By Mark Marotta
THE ERICKSON TRIBUNE
Elaine Woodall has the skills and the independence it takes to make dolls talk.
“They don’t talk. They’re like variety acts,” she clarifies.
Woodall has been a professional puppeteer since her late teens or early twenties and says that the amount of time it takes to master performing with marionettes depends on the degree of desire that an individual has.
“Somebody gave me a marionette for a Christmas present when I was ten years old,” recalls Woodall, who grew up in the Chicago suburbs. “I always played with dolls when I was younger. I liked dolls.
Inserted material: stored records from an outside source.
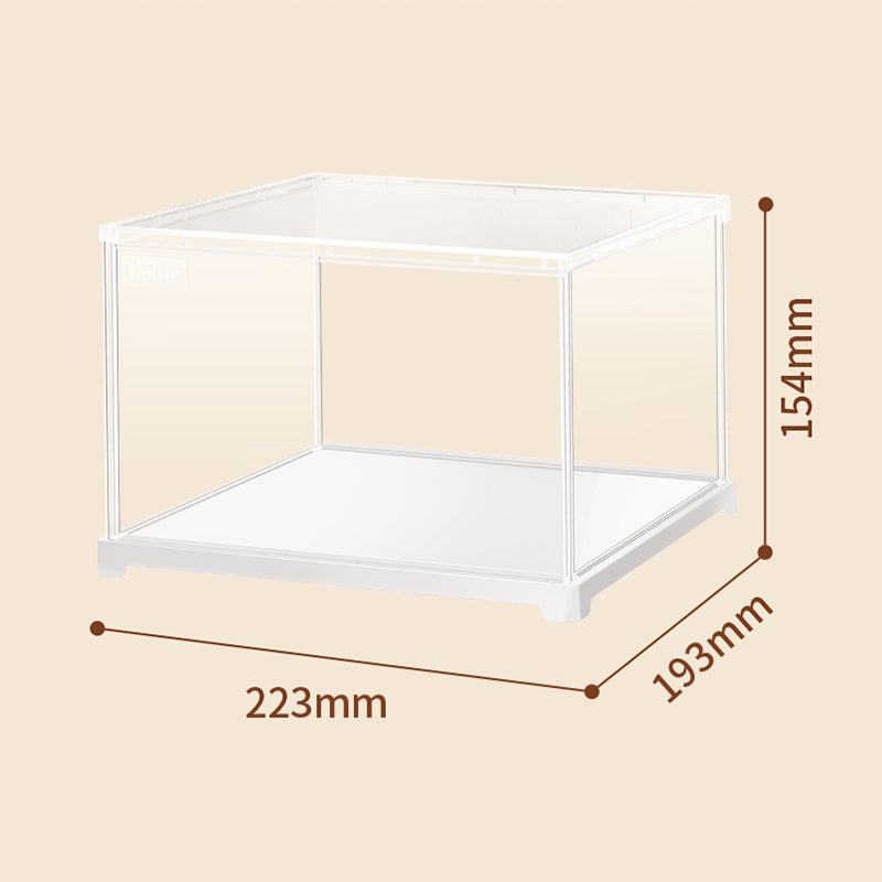Het fijne is dat je deze vitrine supersnel zelf in elkaar zet. Jij haalt het beschermfolie van de acrylglazen panelen en klikt de zes onderdelen eenvoudig in elkaar. Binnen vijf minuten staat alles stevig op zijn plek. De moeilijkheidsgraad is één ster, dus echt iedereen kan dit. Het heldere acrylglas zorgt voor optimaal zicht en de witte kunststof bodem laat jouw model mooi uitkomen. Met afmetingen van 223 bij 193 bij 154 centimeter past hij perfect op je plank of bureau. Dankzij het gaatje aan de onderkant kun je batterijdraden van verlichting netjes wegwerken.
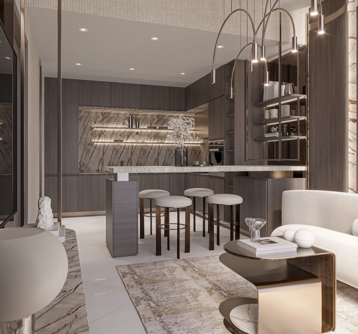 The facade showcases a premium collection of luxury residences that embody a vision of sophisticated urban living. From the moment you step into the development, you’re welcomed by an atmosphere of contemporary elegance and relaxed leisure. The apartments are a design masterpiece, featuring large windows that flood the spacious bedrooms with natural light and fresh air. With top-quality finishes and sleek architectural lines, these residences provide a spacious, refined haven in the heart of the bustling city.
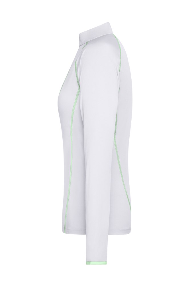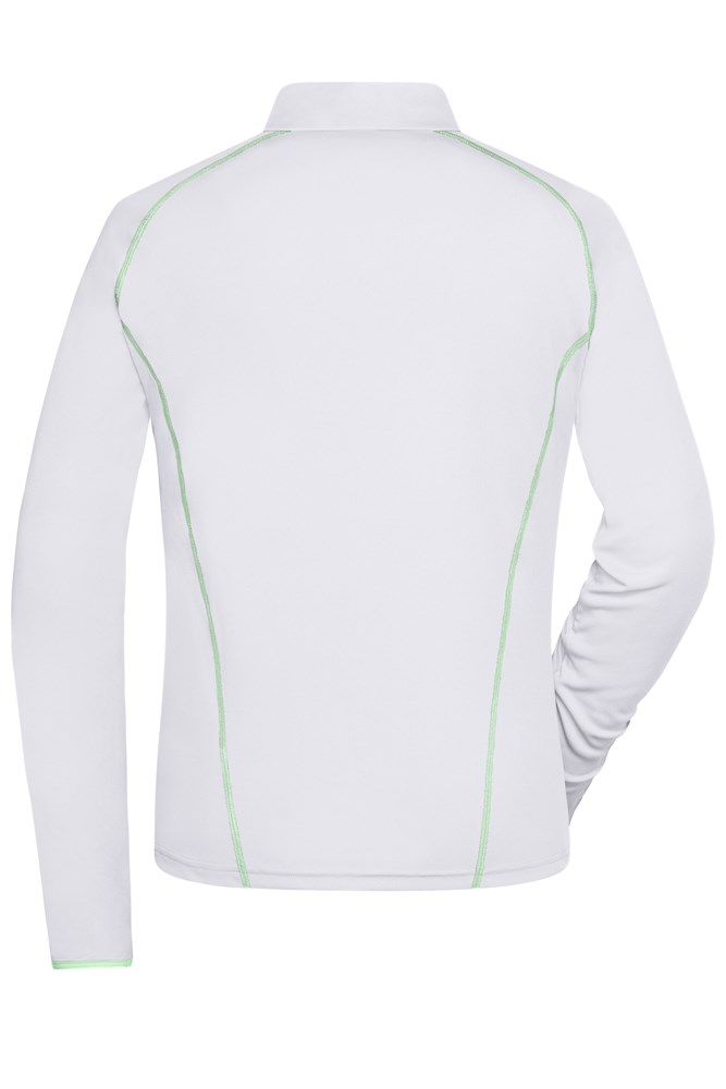 Atmungsaktiv und feuchtigkeitsregulierend Schnell trocknend, leicht und komfortabel Raglanärmel, Stehkragen Kontrastfarbige Flatlocknähte im Vorder- und Rückenteil Kragen innen und Armabschluss in Kontrastfarbe Reißverschluss mit Kinnschutz JN497: leicht tailliert.
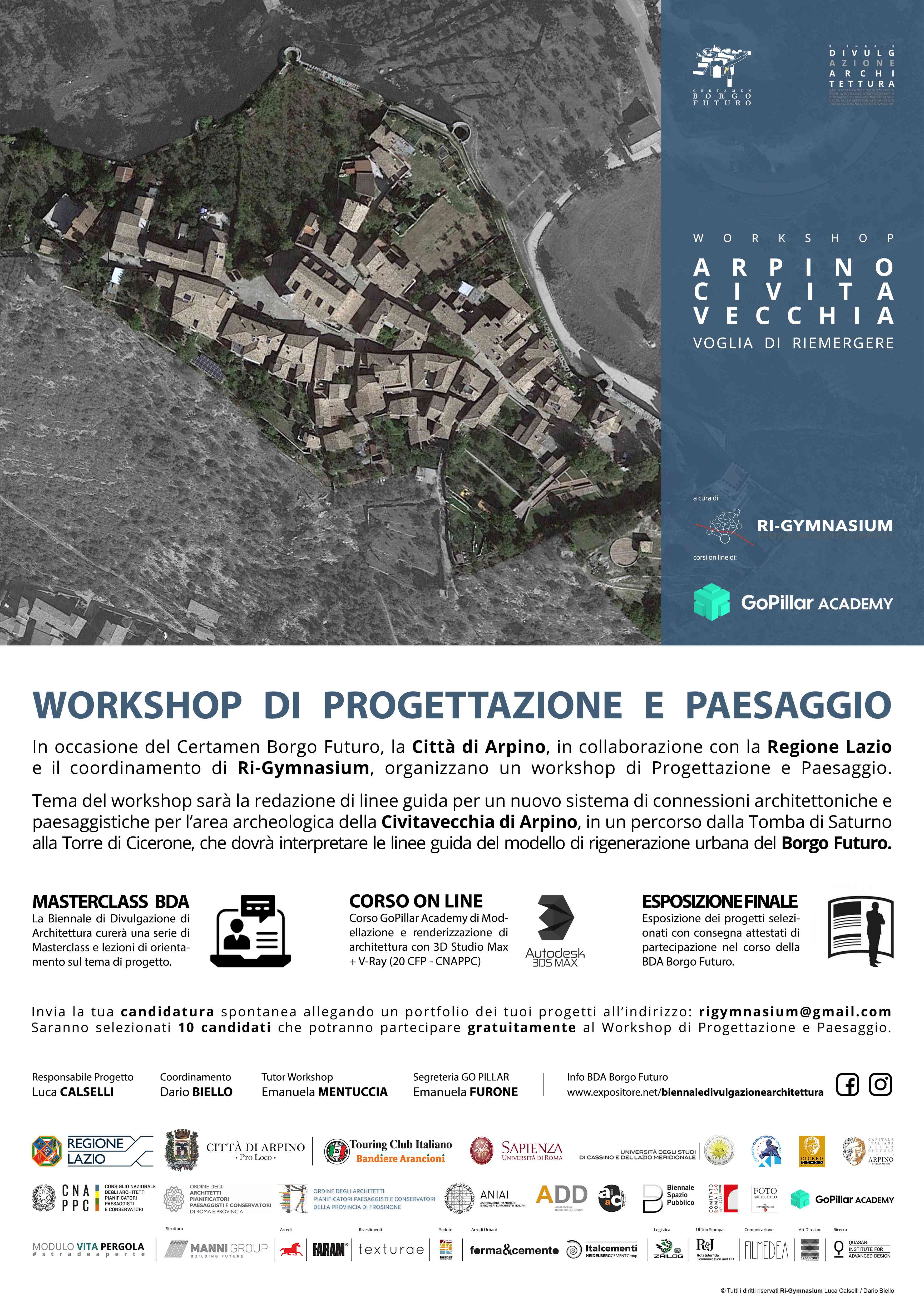 Con la collaborazione della GoPillar Academy di San Francisco, in occasione del Certamen Borgo Futuro saranno realizzati due Workshop internazionali. Il primo sulla Progettazione e il Paesaggio, rivolto ad architetti (20 Cfp – CNAPPC), chiamati a ripensare un nuovo sistema di connessione funzionale nell’area archeologica della Civitavecchia di Arpino.
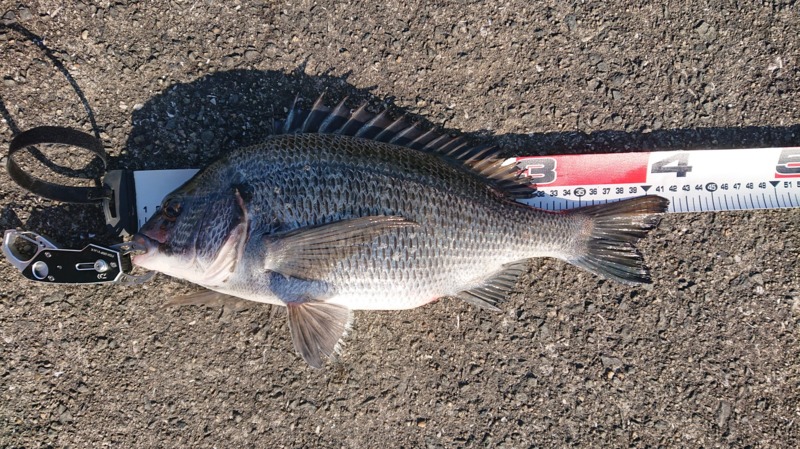 しっかり合わせて慎重にやり取りをして上がってきたのは、ナイス体型のチヌ!
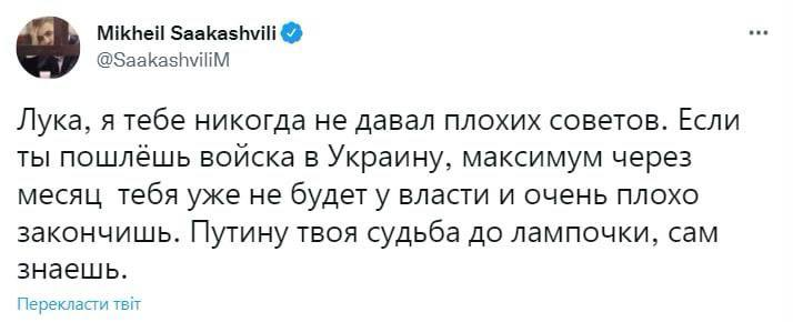 "Лука, я тебе никогда не давал плохих советов. Если ты пошлёшь войска в Украину, максимум через месяц тебя уже не будет у власти и очень плохо закончишь. Путину твоя судьба до лампочки, сам знаешь", - написал Михаил Саакашвили.

Puppetry was just like moving dolls.”
Performing puppetry
Woodall performs her show, Elaine Woodall’s Dancing Marionettes, about a halfdozen times a year, mainly at schools and banquets. A resident of Ann’s Choice for about six months, Woodall recently gave a show to residents and children at the Renaissance Gardens health care neighborhood on campus.
Performances are about a half-hour long and usually involve about a half-dozen marionettes that dance to recorded classical music.
Making marionettes
Not only does Woodall perform with marionettes, she also makes them. “You have to,” she says. “There are a few professional people that I know who pay someone else to make a marionette for them, but that’s more than I can pay.”
According to Woodall, buying a marionette can cost a couple hundred dollars.
“Most of my friends are like me. We make our own. And we make exactly what we want,” she adds. “Each marionette is unique, of course.
“You start out with an idea in your head. Then I might make a sketch, a diagram.”
Then she gathers her materials. Woodall says she uses wood for her marionettes’ arms, legs, and body, and papier-mâché for the heads and perhaps the torso. She typically attaches seven to nine strings to operate each marionette.